Activity:
Print all of the data exactly, but drop the pictures.

[[ Supplied entries open ]]

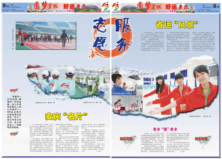 编者按:目前,省十三运高校部田径比赛在永利官网龙山校区激战正酣,众多媒体也将目光投向了这里。《安庆日报》开赛以来每日均登载由永利官网学生记者供稿的赛事通讯。10月11日出版的《安庆晚报》十三运专刊采用了陈东及学生记者拍摄的校园体育和志愿者11幅摄影作品。
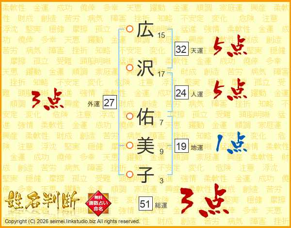 広(15画)沢(17画) 佑(7画)美(9画)子(3画)
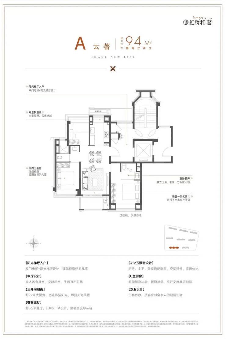 ❤️❤️保利虹桥和著售楼处电话:400 - 1010 - 064❤️❤️LDKB客餐厨阳台一体化设计,整个南向三开间面宽拉伸到约9.7米,升维更轩阔的公区会客厅。飞机户型的空间排布,空间充裕但不浪费,将每一平米更大化利用。
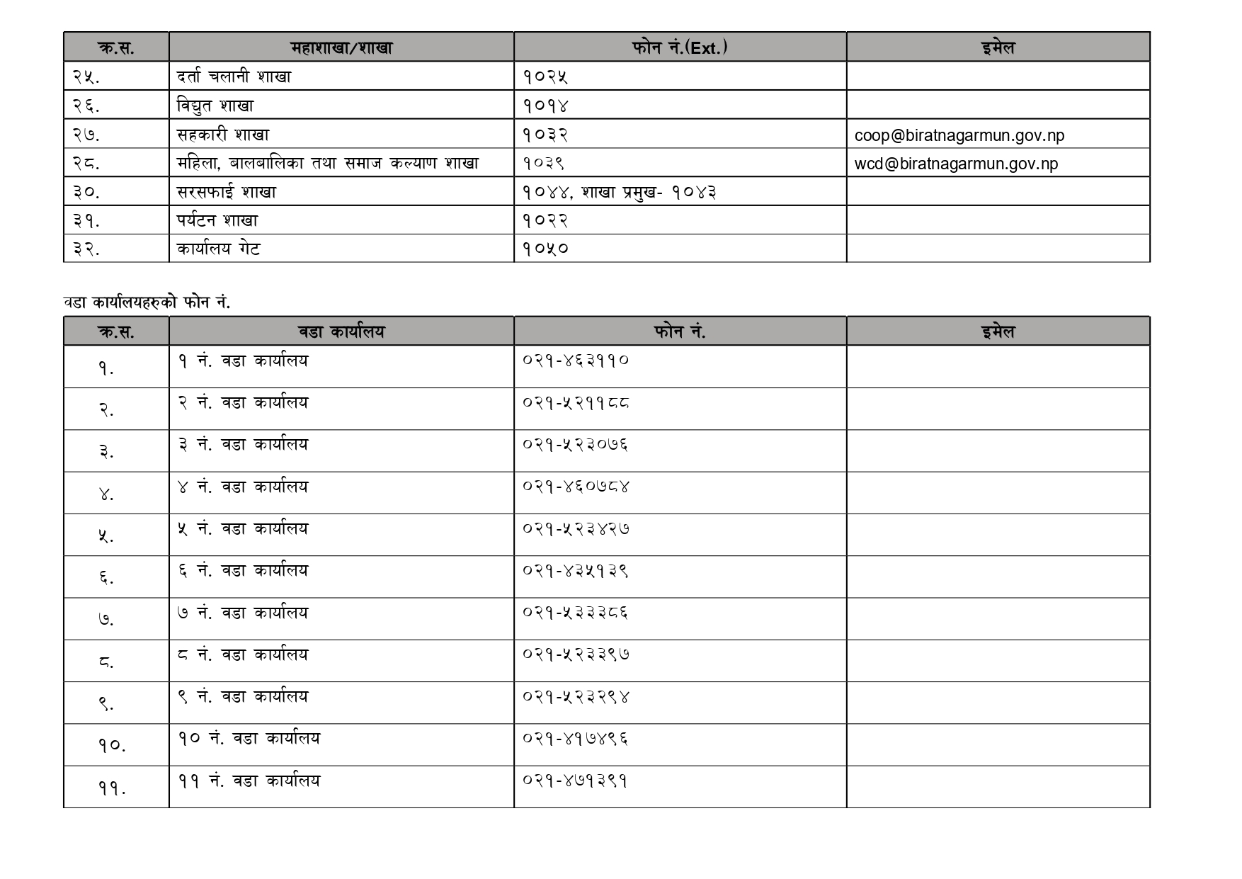 विराटनगर महानगरपालिका, नगर कार्यपालिकाको कार्यालय
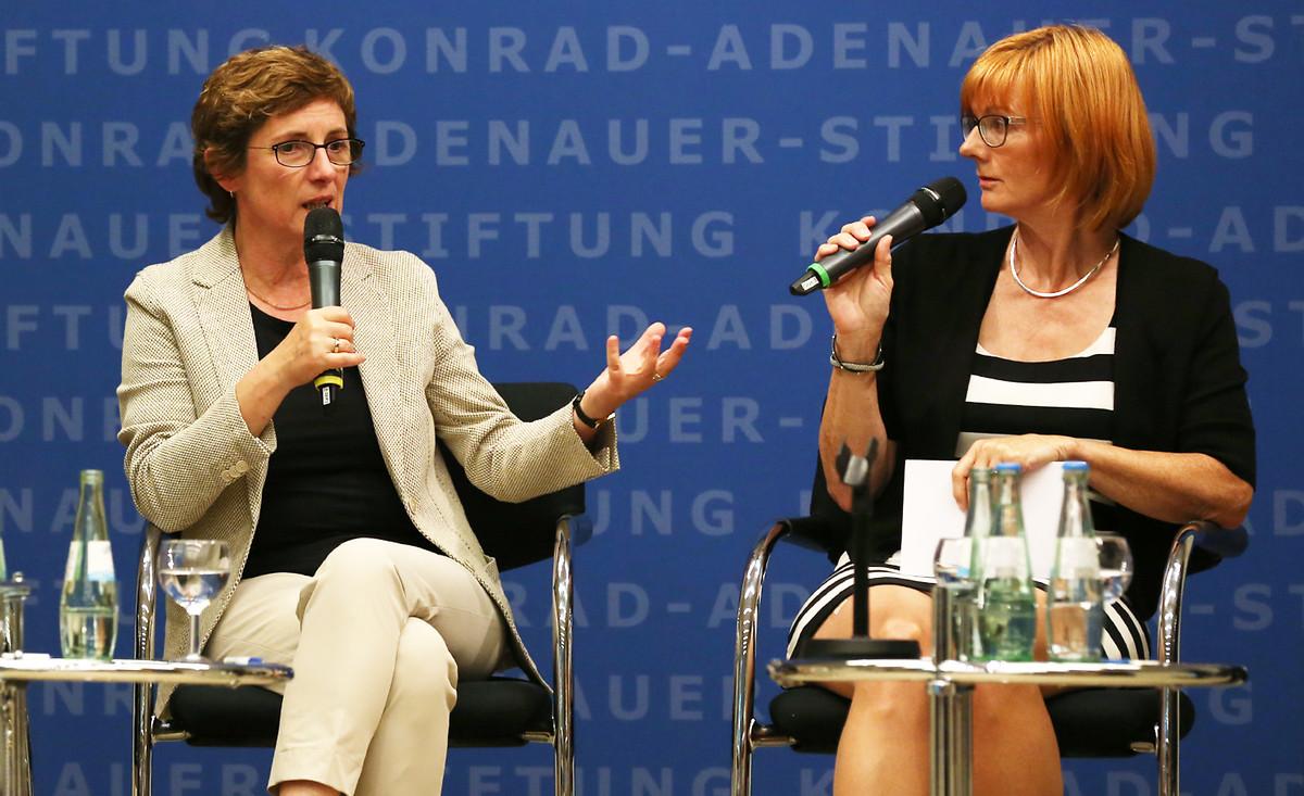 Die Entwicklung der Mitgliederzahlen der großen Volksparteien CDU und SPD ist seit Jahren im Abwärtstrend. Im gesamten Parteienspektrum konnten lediglich Bündnis 90/ Die Grünen in den letzten Jahren Mitglieder hinzugewinnen. Wieso wollen sich immer weniger Menschen politisch engagieren? Britta Haßelmann sieht den Grund hierfür in einem grundlegenden Verständigungsproblem. Die Politik tue sich immer noch schwer damit, gerade junge Menschen anzusprechen. Genau die Menschen, die sich von der Politik abwenden, müsse man jedoch versuchen zu erreichen, z.B. durch eine zeitgemäße Ansprache oder neue Veranstaltungsformate. „Wir müssen die Menschen ermutigen, sich einzumischen“, so die Politikerin. Aber auch an der eigenen Basis sollten die Parteien „für mehr Mitwirkung werben“. Schriftstellerin Thea Dorn vermisst bei den Parteien klare Konturen. Was früher klar abgegrenzte Farbblöcke in schwarz, rot, grün und gelb waren, gleicht heute einem „Aquarellgemälde“, bei denen die Grenzen zwischen den einzelnen Farben verschwimmen. Durch die Verwässerung der Profile und Inhalte wird es immer schwerer, sich einer bestimmten politischen Partei zugehörig zu fühlen. Die inhaltlichen Unterschiede zwischen den einzelnen Parteien deutlicher herauszuheben, dafür ist auch Michael Grosse-Brömer. Den sinkenden Mitgliederzahlen zum Trotz wirbt er dafür, sich politisch zu engagieren und Verantwortung z.B. in der Kommunalpolitik zu übernehmen. „Wer es wirklich will, der bekommt auch seine Chance, in der Politik Verantwortung zu übernehmen“, so der CDU-Politiker.
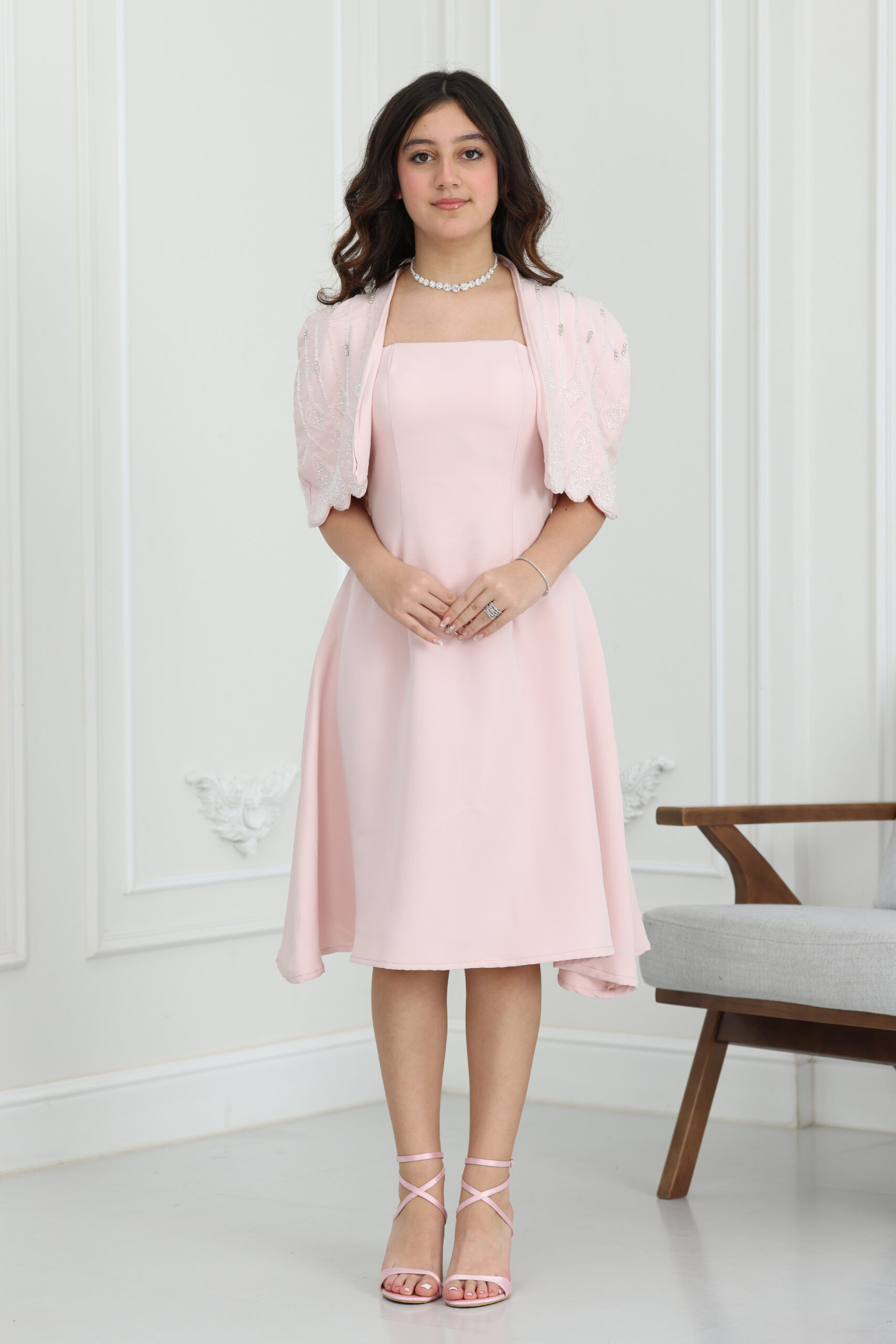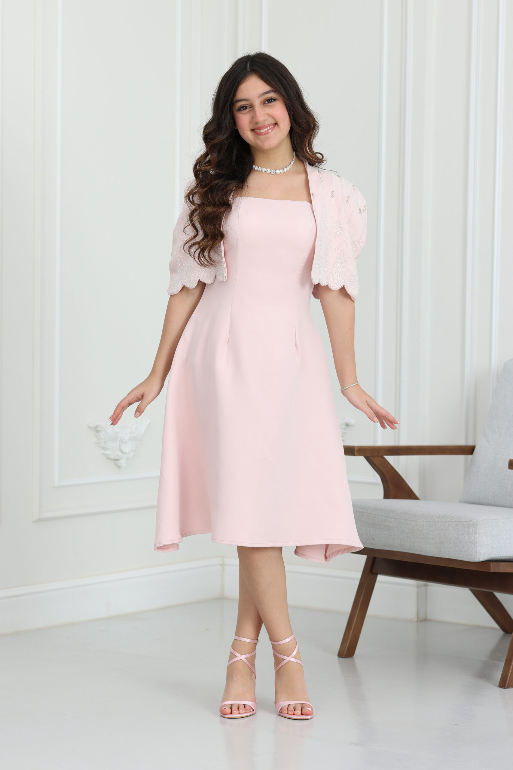 يتميز الفستان بتصميم عصري من قطعتين، الفستان الأساسي بقصة انسيابية مريحة، والجاكيت القصير يتميز بأكمام “باف” (Puff) قصيرة تمنح الموديل طابعاً فرنسياً راقياً. ما يميز هذا التصميم هو الشك اليدوي بقطع اللؤلؤ والكريستال اللامعة الموزعة بإتقان على كامل الجاكيت، مما يعطي بريقاً هادئاً وجذاباً. طول الفستان ميدي متناسق جداً، ويأتي مع حزام خصر يبرز جمال التصميم، مما يجعله قطعة لا غنى عنها في قائمة فساتين مناسبات لهذا العام.
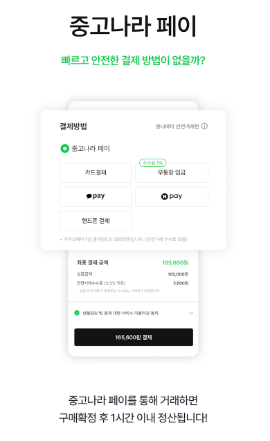 - 중고나라는 최근 자체 안전결제 시스템을 도입해 사기 예방 노력 중
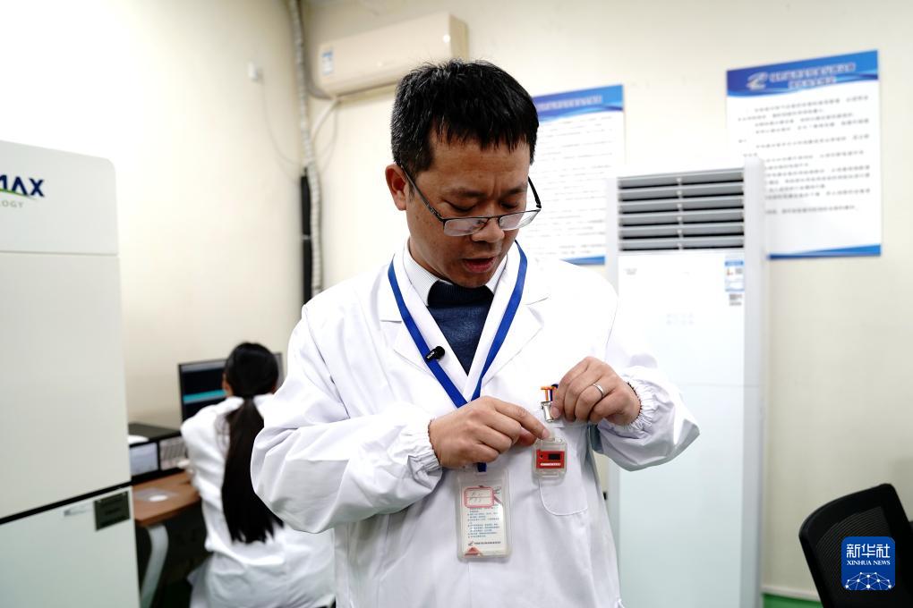 10月24日,在中國科學院上海應用物理研究所武威園區(qū),一位工作人員在佩戴“熱釋光個人劑量計”,該儀器可隨時測量輻射的個人計量當量以確保安全。

[[ Supplied entries closed ]]

Solution:
 编者按:目前,省十三运高校部田径比赛在永利官网龙山校区激战正酣,众多媒体也将目光投向了这里。《安庆日报》开赛以来每日均登载由永利官网学生记者供稿的赛事通讯。10月11日出版的《安庆晚报》十三运专刊采用了陈东及学生记者拍摄的校园体育和志愿者11幅摄影作品。
 広(15画)沢(17画) 佑(7画)美(9画)子(3画)
 ❤️❤️保利虹桥和著售楼处电话:400 - 1010 - 064❤️❤️LDKB客餐厨阳台一体化设计,整个南向三开间面宽拉伸到约9.7米,升维更轩阔的公区会客厅。飞机户型的空间排布,空间充裕但不浪费,将每一平米更大化利用。
 विराटनगर महानगरपालिका, नगर कार्यपालिकाको कार्यालय
 Die Entwicklung der Mitgliederzahlen der großen Volksparteien CDU und SPD ist seit Jahren im Abwärtstrend. Im gesamten Parteienspektrum konnten lediglich Bündnis 90/ Die Grünen in den letzten Jahren Mitglieder hinzugewinnen. Wieso wollen sich immer weniger Menschen politisch engagieren? Britta Haßelmann sieht den Grund hierfür in einem grundlegenden Verständigungsproblem. Die Politik tue sich immer noch schwer damit, gerade junge Menschen anzusprechen. Genau die Menschen, die sich von der Politik abwenden, müsse man jedoch versuchen zu erreichen, z.B. durch eine zeitgemäße Ansprache oder neue Veranstaltungsformate. „Wir müssen die Menschen ermutigen, sich einzumischen“, so die Politikerin. Aber auch an der eigenen Basis sollten die Parteien „für mehr Mitwirkung werben“. Schriftstellerin Thea Dorn vermisst bei den Parteien klare Konturen. Was früher klar abgegrenzte Farbblöcke in schwarz, rot, grün und gelb waren, gleicht heute einem „Aquarellgemälde“, bei denen die Grenzen zwischen den einzelnen Farben verschwimmen. Durch die Verwässerung der Profile und Inhalte wird es immer schwerer, sich einer bestimmten politischen Partei zugehörig zu fühlen. Die inhaltlichen Unterschiede zwischen den einzelnen Parteien deutlicher herauszuheben, dafür ist auch Michael Grosse-Brömer. Den sinkenden Mitgliederzahlen zum Trotz wirbt er dafür, sich politisch zu engagieren und Verantwortung z.B. in der Kommunalpolitik zu übernehmen. „Wer es wirklich will, der bekommt auch seine Chance, in der Politik Verantwortung zu übernehmen“, so der CDU-Politiker.
 يتميز الفستان بتصميم عصري من قطعتين، الفستان الأساسي بقصة انسيابية مريحة، والجاكيت القصير يتميز بأكمام “باف” (Puff) قصيرة تمنح الموديل طابعاً فرنسياً راقياً. ما يميز هذا التصميم هو الشك اليدوي بقطع اللؤلؤ والكريستال اللامعة الموزعة بإتقان على كامل الجاكيت، مما يعطي بريقاً هادئاً وجذاباً. طول الفستان ميدي متناسق جداً، ويأتي مع حزام خصر يبرز جمال التصميم، مما يجعله قطعة لا غنى عنها في قائمة فساتين مناسبات لهذا العام.
 - 중고나라는 최근 자체 안전결제 시스템을 도입해 사기 예방 노력 중
 10月24日,在中國科學院上海應用物理研究所武威園區(qū),一位工作人員在佩戴“熱釋光個人劑量計”,該儀器可隨時測量輻射的個人計量當量以確保安全。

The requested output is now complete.